Si le rapport d'enquête établit que la plainte est fondée, le conseil, suivant les recommandations du rapport d'enquête, a) réprimande le juge; ou b) recommande au ministre de la Justice et procureur général de présenter une requête à la Cour d'appel conformément à l'article 95 ou à l'article 167. S'il fait la recommandation prévue par le paragraphe b, le conseil suspend le juge pour une période de trente jours.

[3] L'un des plus récents rapports d'enquête porte sur une plainte déposée par la directrice de la protection de la jeunesse de la Montérégie, qui avait dénoncé la conduite de Mme la juge Andrée Ruffo à l'occasion du traitement du dossier d'un enfant dont la sécurité et le développement avaient été déclarés compromis3 . Le comité a conclu que Mme la juge Ruffo avait enfreint les articles 2, 4 et 5 du Code de déontologie de la magistrature en ne divulguant pas l'existence des liens d'amitié qu'elle entretenait avec le témoin expert et en la rencontrant en privé tout juste avant l'audience, sans en informer les parties. Selon le comité, la sanction recommandée devait être proportionnelle au manquement et tenir compte du dossier de la juge en matière déontologique. Or, celle-ci avait déjà fait l'objet de 4 enquêtes, aux termes desquelles on avait conclu qu'elle avait contrevenu à 12 reprises au code. Le comité a estimé que les réprimandes qui lui avaient alors été adressées auraient dû l'inciter à corriger sa conduite.

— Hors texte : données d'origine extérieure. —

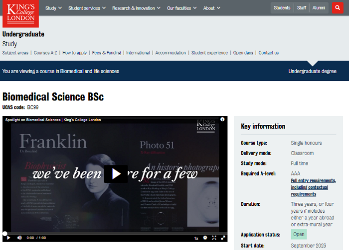 生物醫(yī)學(xué)科學(xué)理學(xué)士跨學(xué)科學(xué)位是KCL最受歡迎的生物科學(xué)課程,每年有超過300名學(xué)生入學(xué)。該課程始終提供高質(zhì)量的教學(xué),學(xué)生可以選擇個人科學(xué)優(yōu)勢和興趣的學(xué)位課程。本課程是生物科學(xué)教育學(xué)院“Common Year 1”系列課程的一部分。該套件中的其他程序是解剖學(xué)、發(fā)育和人類生物學(xué);生物化學(xué);醫(yī)學(xué)生理學(xué);分子遺傳學(xué);神經(jīng)科學(xué);和藥理學(xué)。成功完成第一年后,學(xué)生可以選擇切換到該套件中的另一個程序。在第2年,學(xué)生可以選擇在學(xué)校的合作機(jī)構(gòu)之一出國學(xué)習(xí)一個學(xué)期?;蛘呖梢陨暾堅诘诙旰偷谌曛g在通常是在國外或校外領(lǐng)先的生物醫(yī)學(xué)雇主那里學(xué)習(xí)一年。
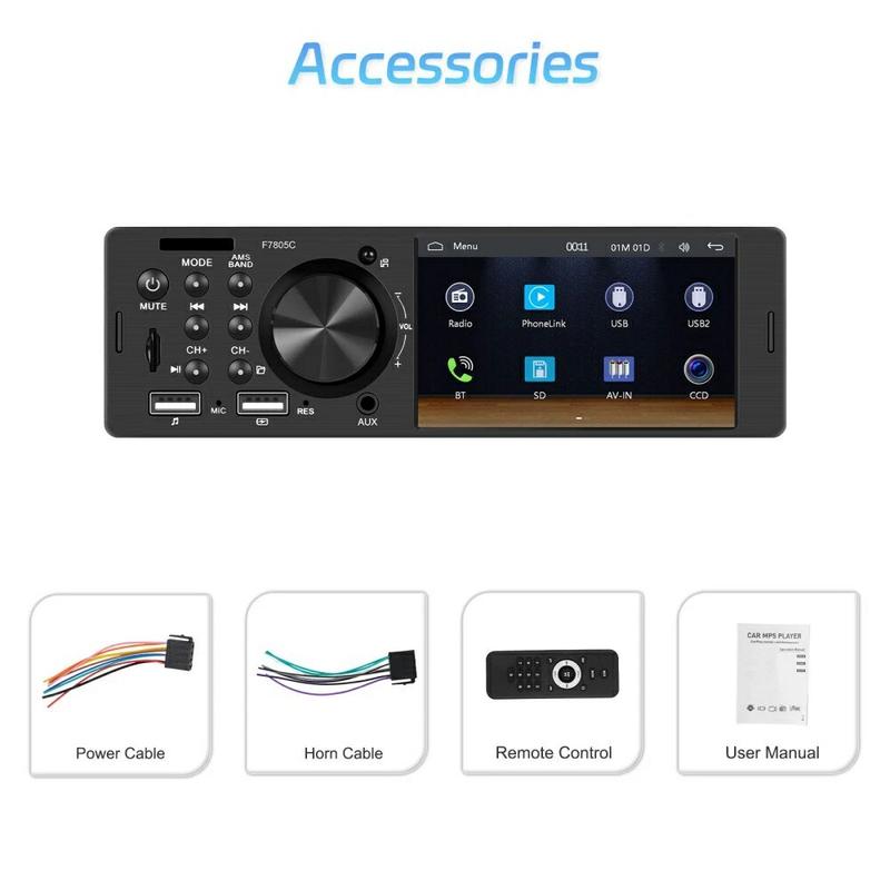 Transform an ageing dashboard into a smart-phone hub with this slim F7805C head-unit. The 10.4 cm (4.1 in) capacitive display handles wired CarPlay, Android Auto and Mirror Link, so you can follow maps, take calls and stream playlists without fumbling with your phone. Bluetooth 5.1 keeps conversations crisp, while a 7-colour back-light lets you match factory illumination. Designed for 12 V systems and weighing under 0.4 kg, it slips into most single-DIN slots with minimal wiring.

De plus, il s'est dit d'avis qu'une réprimande ne constituait plus une mesure appropriée pour rétablir la confiance du public lorsqu'un juge refusait de reconnaître une faute et d'amender sa conduite en conséquence. À cet égard, le comité n'a pu que tenir compte de la conduite postérieure de la juge, qui a accordé, avant le dépôt du rapport d'enquête, une entrevue télévisée. Elle en avait alors profité pour commenter les travaux du comité et les décisions antérieures du Conseil de la magistrature la visant. À cette occasion, la juge avait également tourné en dérision un précédent rapport recommandant qu'une réprimande lui soit adressée après qu'elle eut participé à une publicité télévisée vantant les mérites d'une compagnie ferroviaire. Au nombre des autres éléments que le comité a considérés pour la détermination de la sanction se trouvaient les conséquences de la conduite de la juge sur l'enfant et les parties visées ainsi que sur l'image de la justice dans son ensemble. Comme le comité d'enquête a estimé que la confiance du public dans la justice se trouvait irrémédiablement compromise en raison de la conduite de la juge et que cette situation l'empêchait de continuer à siéger, il a jugé que sa destitution constituait, dans les circonstances, une mesure nécessaire.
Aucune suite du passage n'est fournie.